• [Data below]:
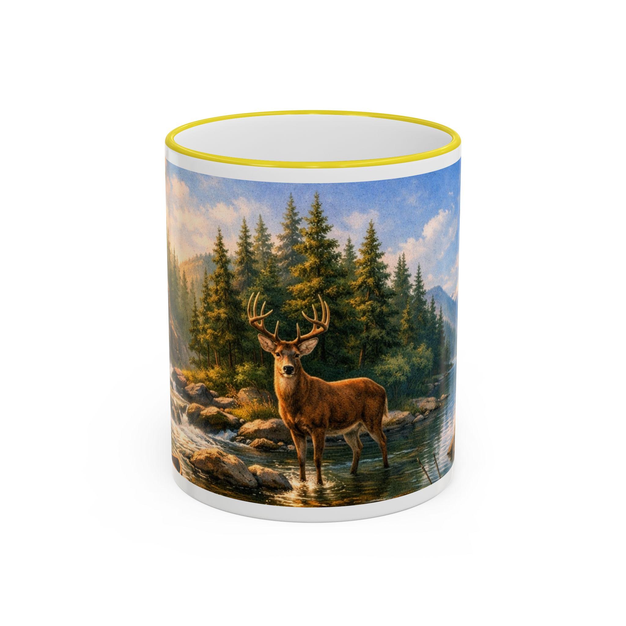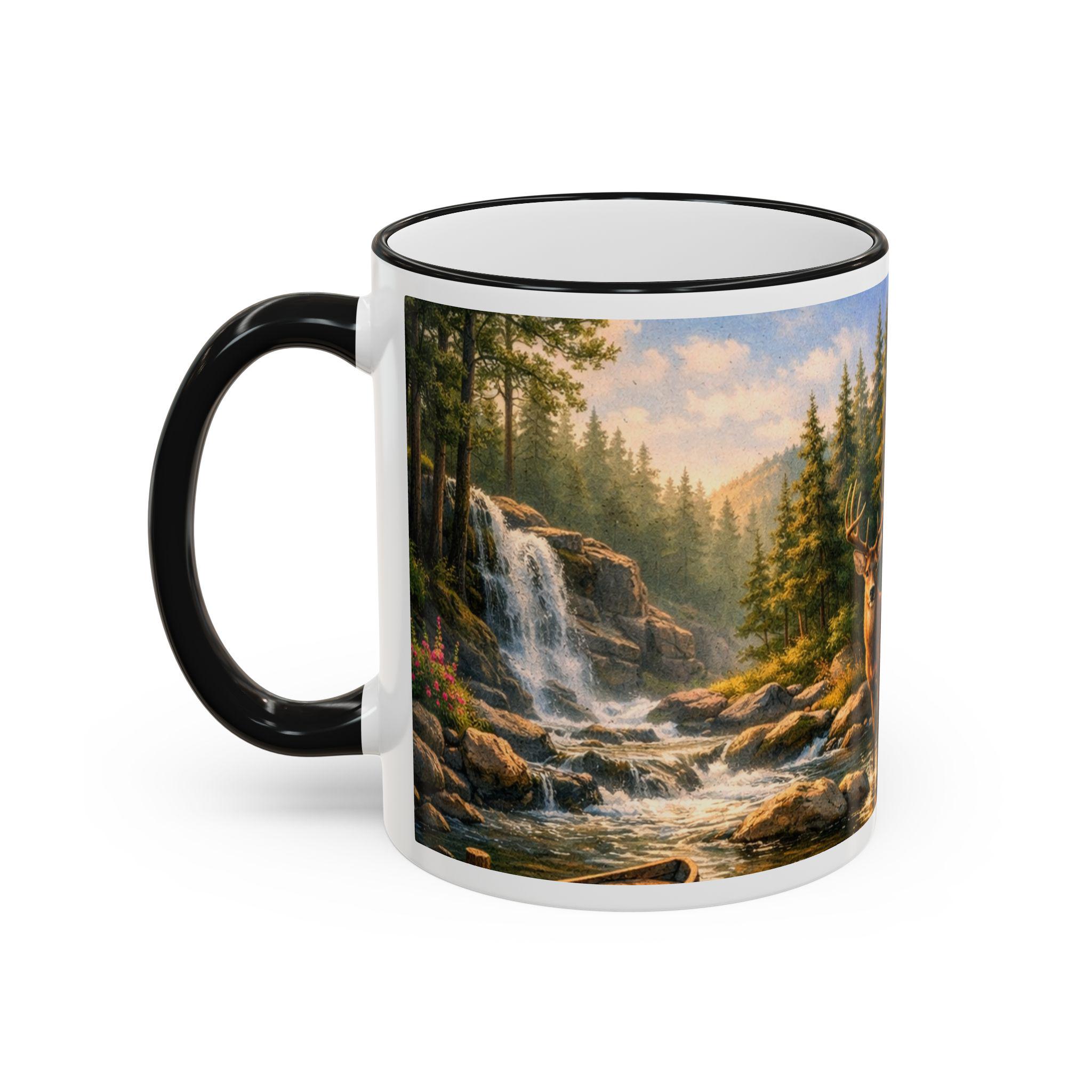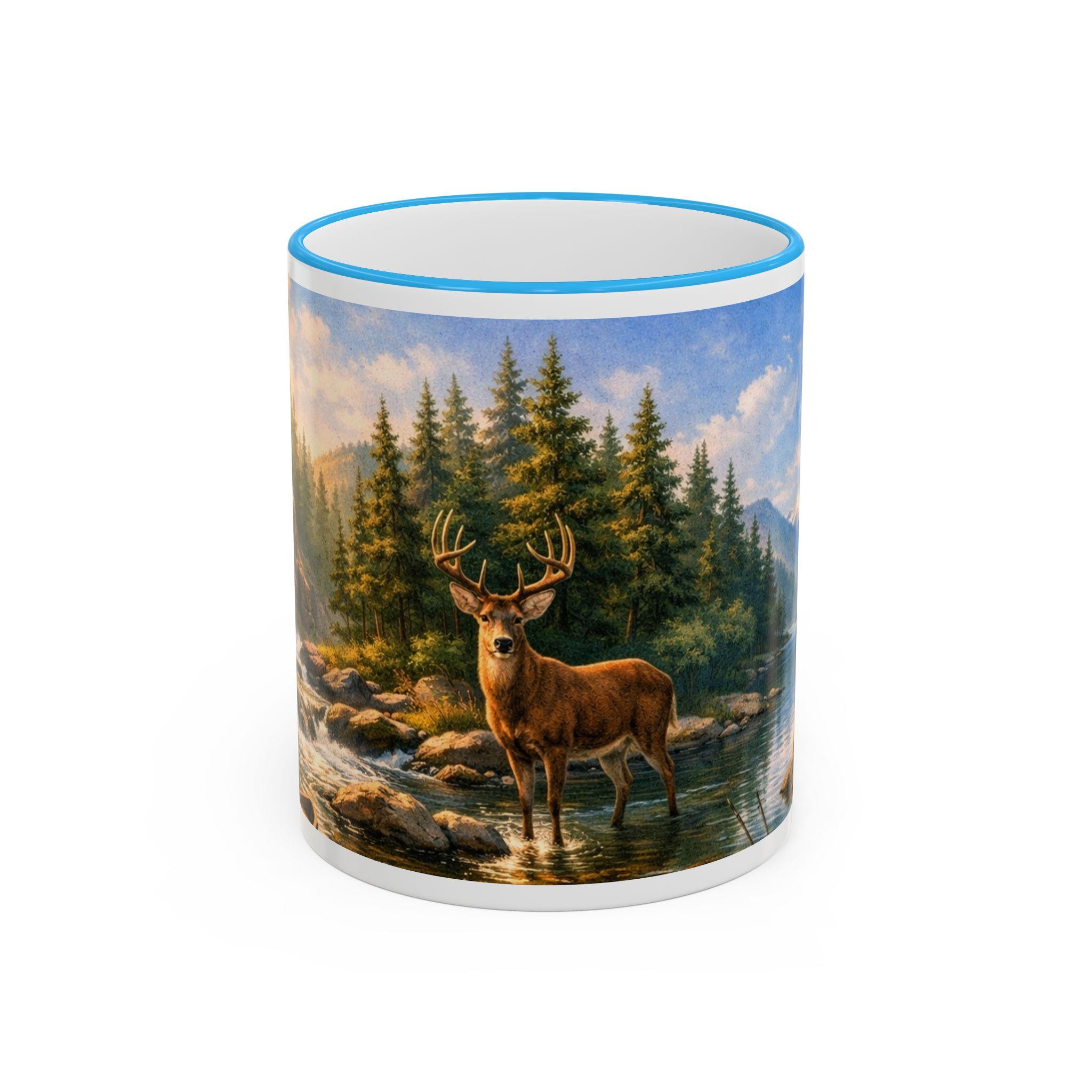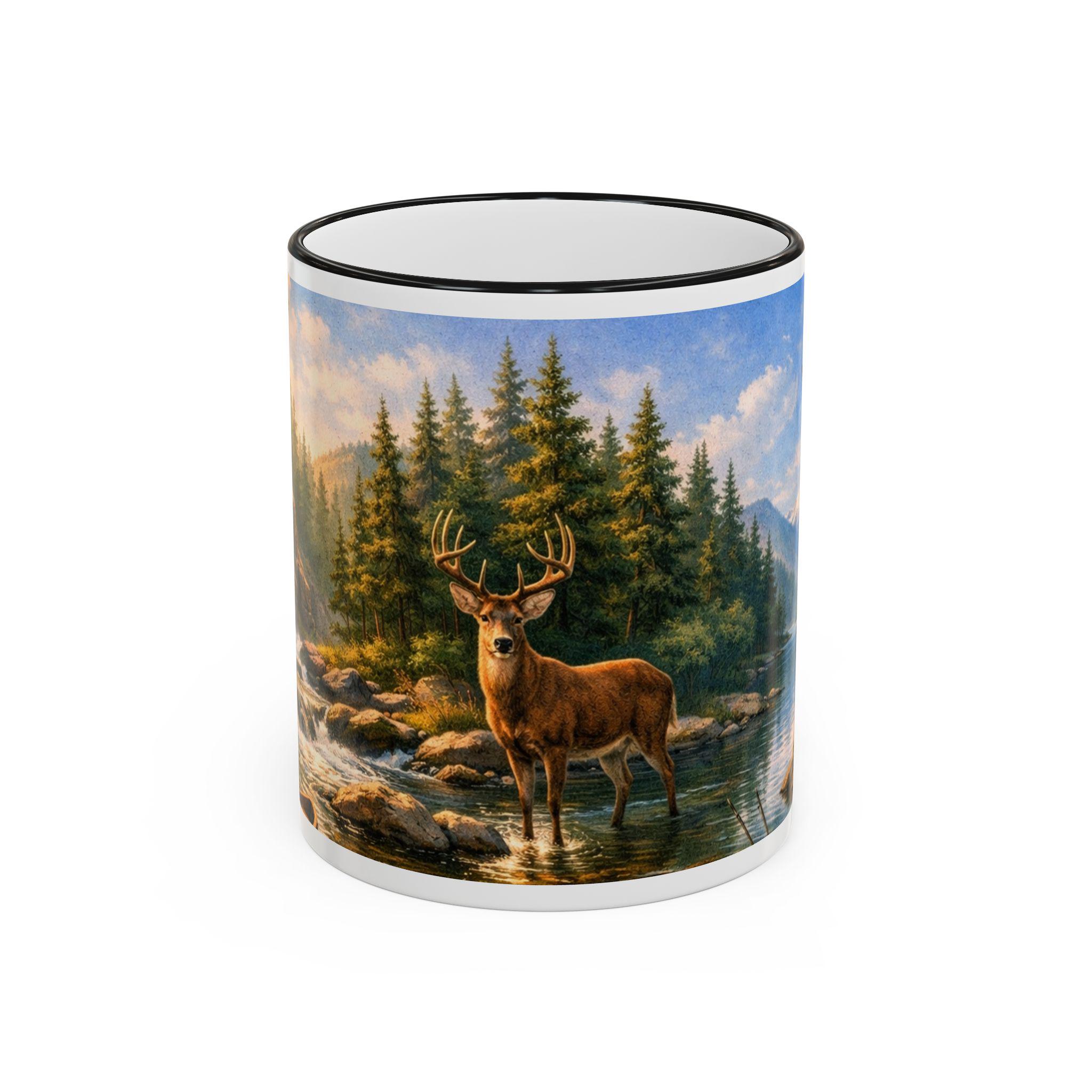 Majestic Deer in Forest Accent Rim & Handle Mug | Nature Landscape Coffee Cup
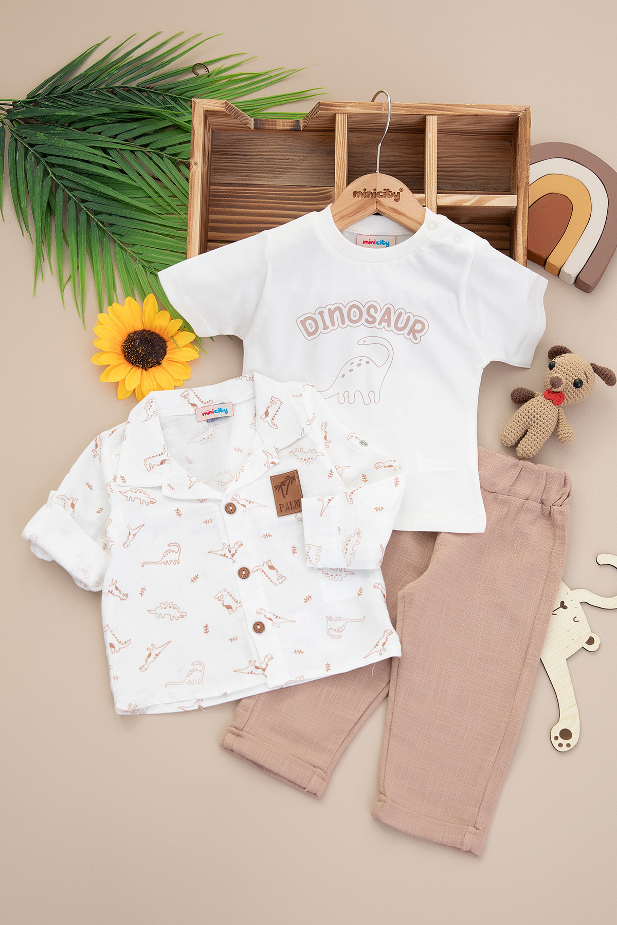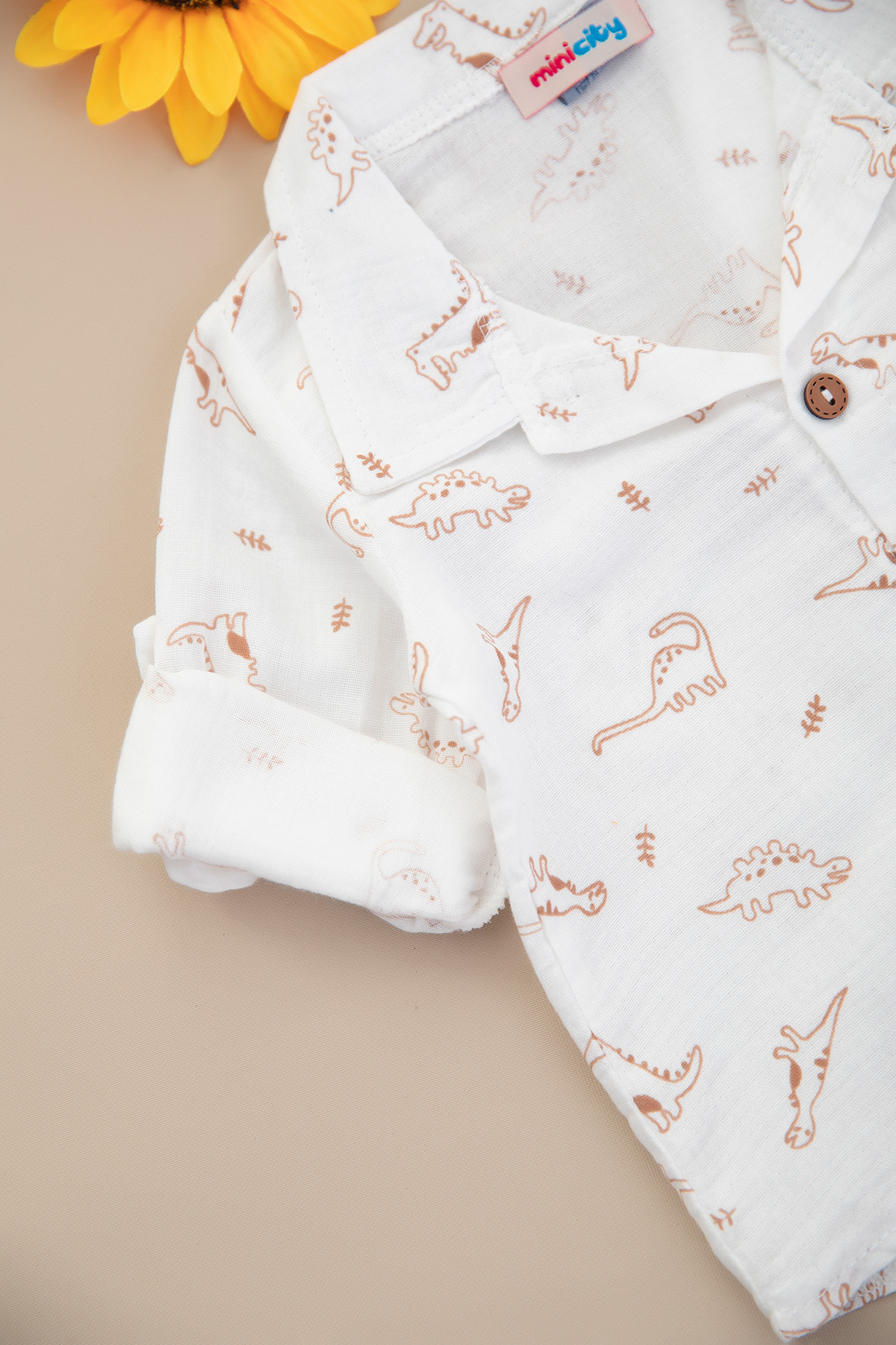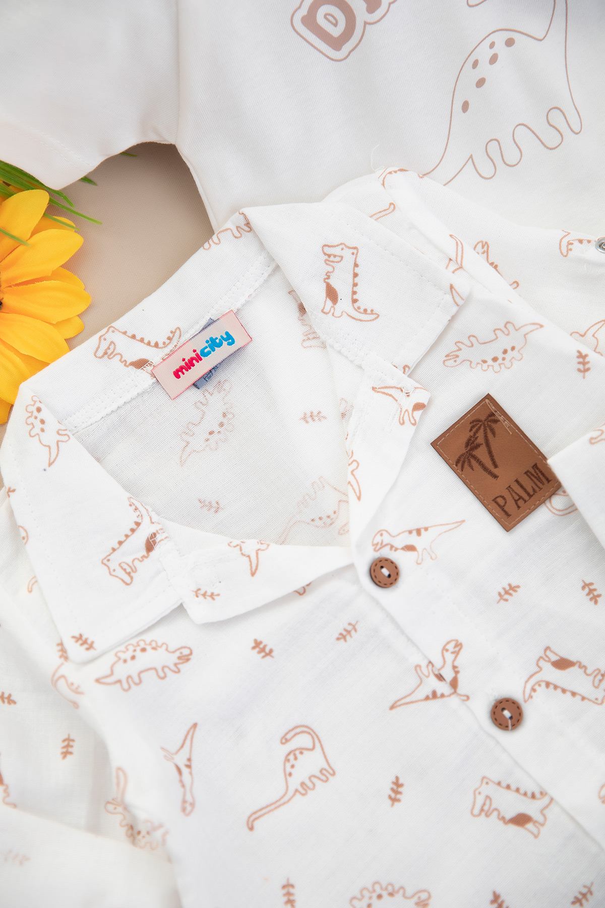 Erkek Bebek Dinazor Baskılı Gömlek Takım - 25030 (9-24 Ay)
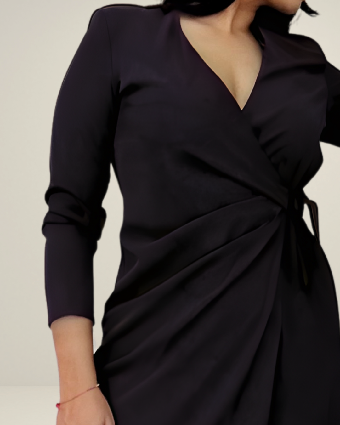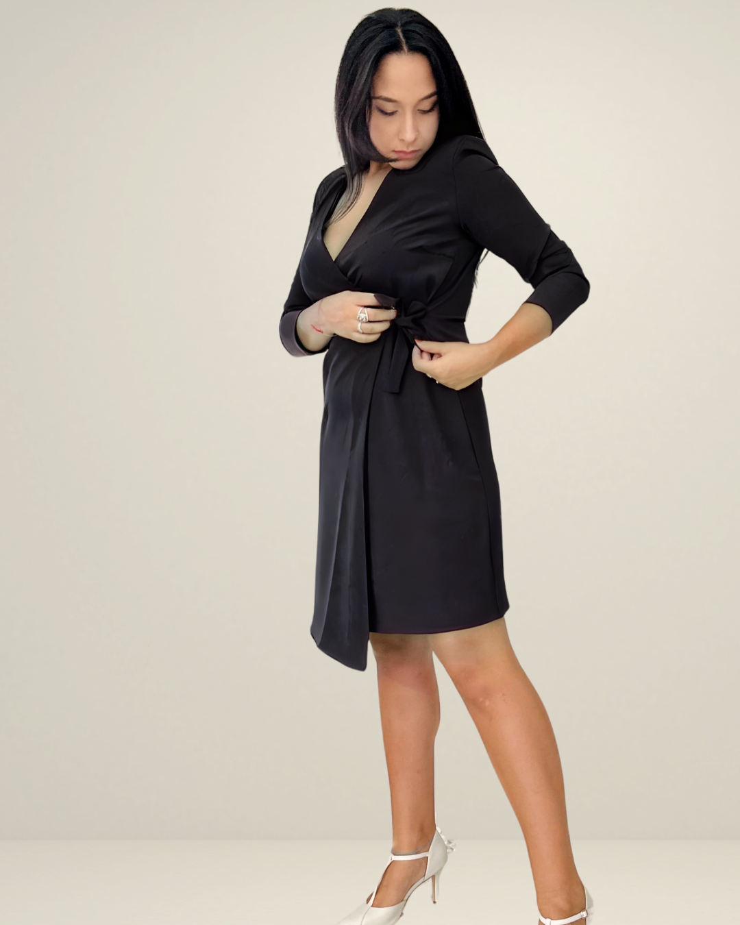 DESCRIZIONE: Questo elegante abito in una sofisticata tonalità nera è l'esempio della classe e della femminilità. Il design avvolgente con scollo a "V" e il dettaglio del fiocco in vita accentuano la silhouette, creando un effetto raffinato e sensuale. Le maniche lunghe aggiungono un tocco sofisticato, mentre la gonna dona movimento all'abito. Perfetto per occasioni formali o serate speciali. La modella indossa una taglia 44.

• [Exercise prompt]:
Give back each line above verbatim, dropping every picture.

• [Reply to the exercise]:
 Majestic Deer in Forest Accent Rim & Handle Mug | Nature Landscape Coffee Cup
 Erkek Bebek Dinazor Baskılı Gömlek Takım - 25030 (9-24 Ay)
 DESCRIZIONE: Questo elegante abito in una sofisticata tonalità nera è l'esempio della classe e della femminilità. Il design avvolgente con scollo a "V" e il dettaglio del fiocco in vita accentuano la silhouette, creando un effetto raffinato e sensuale. Le maniche lunghe aggiungono un tocco sofisticato, mentre la gonna dona movimento all'abito. Perfetto per occasioni formali o serate speciali. La modella indossa una taglia 44.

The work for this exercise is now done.